From Life: Early Works by Florine Stettheimer

an online exhibition in collaboration with Columbia University Libraries

An Interview with Florine Stettheimer Scholar Barbara Bloemink

By Katie Pratt-Thompson and Clara Zevi

Dr. Barbara Bloemink is the author of what is now the foundational text on the artist Florine Stettheimer. This book, The Life and Art of Florine Stettheimer (Yale University Press, 1995) introduced a new way of looking at the artist's oeuvre. Bloemink replaced the dominant image of the American artist as a wealthy, Jewish, New York socialite, with a more complex narrative. Through a thorough biography and close attention to Stettheimer's style and the content of her paintings, Bloemink's book presents an artist making expressive and dynamic modern art, charged with social commentary.

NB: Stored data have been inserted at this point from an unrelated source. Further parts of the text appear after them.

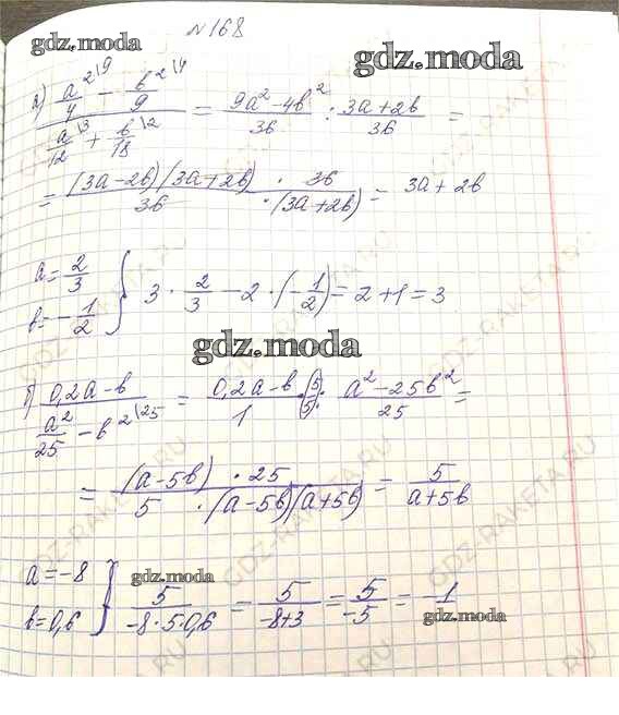 ОТВЕТ на задание № 168 Учебник по Алгебре 8 класс Макарычев
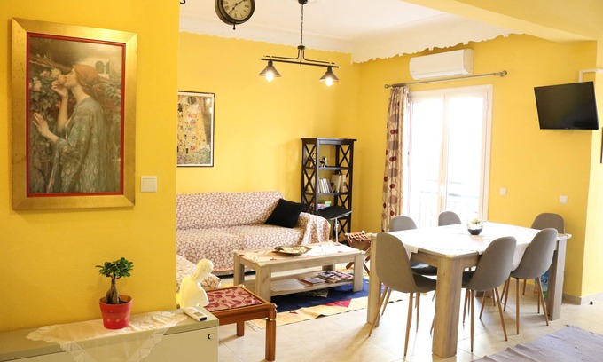 Τhis beautiful and comfortable apartment of 80 sq.m. is located very close to the city centre, but also in a quiet area, near the main (free) Parking.
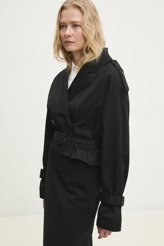 Куртка из коллекции Answear.LAB. Эта модель без подкладки выполнена из гладкого материала. Коллекция доступна эксклюзивно на Answear.com. - Простой дизайн, не стесняющий движений. - Двубортный пиджак с застежкой на пуговицы. - Текстильный ремешок в комплекте. - Неутепленная модель с подкладкой. - Длина рукава (от воротника): 72 см. - Длина: 46 см. - Ширина под мышками: 50 см. - Размеры указаны для размера: S.

Bloemink received her Ph.D. from Yale and holds master's degrees from Yale and NYU's Institute of Fine Arts. Since then she has written and lectured extensively, teaching graduate art history at the University of Brighton and the University of Kansas. Bloemink was the Curatorial Director of the Cooper-Hewitt Smithsonian Design Museum, New York and the Director and Chief Curator of the Kemper Museum of Art and Design, Kansas City, Missouri; the Guggenheim-Hermitage and Guggenheim Las Vegas Museums; and the Hudson River Museum.

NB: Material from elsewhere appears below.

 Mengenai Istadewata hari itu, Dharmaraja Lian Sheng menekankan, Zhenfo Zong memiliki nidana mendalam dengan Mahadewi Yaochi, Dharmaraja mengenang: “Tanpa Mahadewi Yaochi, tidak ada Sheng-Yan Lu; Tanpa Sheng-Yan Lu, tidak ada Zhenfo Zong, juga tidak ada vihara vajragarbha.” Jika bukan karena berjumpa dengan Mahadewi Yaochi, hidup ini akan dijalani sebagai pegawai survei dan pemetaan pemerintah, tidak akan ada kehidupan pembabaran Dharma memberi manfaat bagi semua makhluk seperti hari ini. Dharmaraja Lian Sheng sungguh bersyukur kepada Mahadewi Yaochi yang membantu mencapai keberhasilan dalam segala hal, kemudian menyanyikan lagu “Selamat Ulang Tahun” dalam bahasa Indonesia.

Earlier plans to meet with Dr. Bloemink in person were postponed due to the COVID-19 pandemic, and so this interview with her took place on Zoom on October 23, 2020. Bloemink calls in from her home in New York. Hanging high up on the wall behind her, is a painted portrait showing her blonde mane. She greets us and begins, with visible joy, by sharing the news that a Florine Stettheimer painting she has never been able to track down has finally appeared on the market.

Clara Zevi:
We could not have asked for a better person to speak with about Stettheimer's practice and its reception, as we develop our exhibition project. We are so delighted that you are here to share your insights into this fascinating artist with us.

Barbara Bloemink:
When I wrote my doctoral dissertation, my mentor asked, “Why are you writing on Stettheimer? She's a terrible artist!” That was at Yale and they had five of her best paintings and all of her correspondence. My book was basically just finding all of her works, like all the works in the Columbia basement, and dating them. But I didn't put her in context. I got some things wrong, I was only 30 and now I'm 60. Stettheimer didn't start her new style until she was 45, and she worked until she was 70.

Katie Pratt-Thompson:
You have worked extensively on Stettheimer since publishing your 1995 monograph. How else has your perception shifted over the years?

BB:
I read everything. I looked at every book she ever read, I looked at every theatrical production she and her sisters went to in their 20s and 30s. Now that I am older, I realize context is important. I looked up and know every building in every painting, who all the people that can be identified are, and every object that can be identified.
The reason I went back to her after being a contemporary art curator for 20 years, is that I had to correct art history about her.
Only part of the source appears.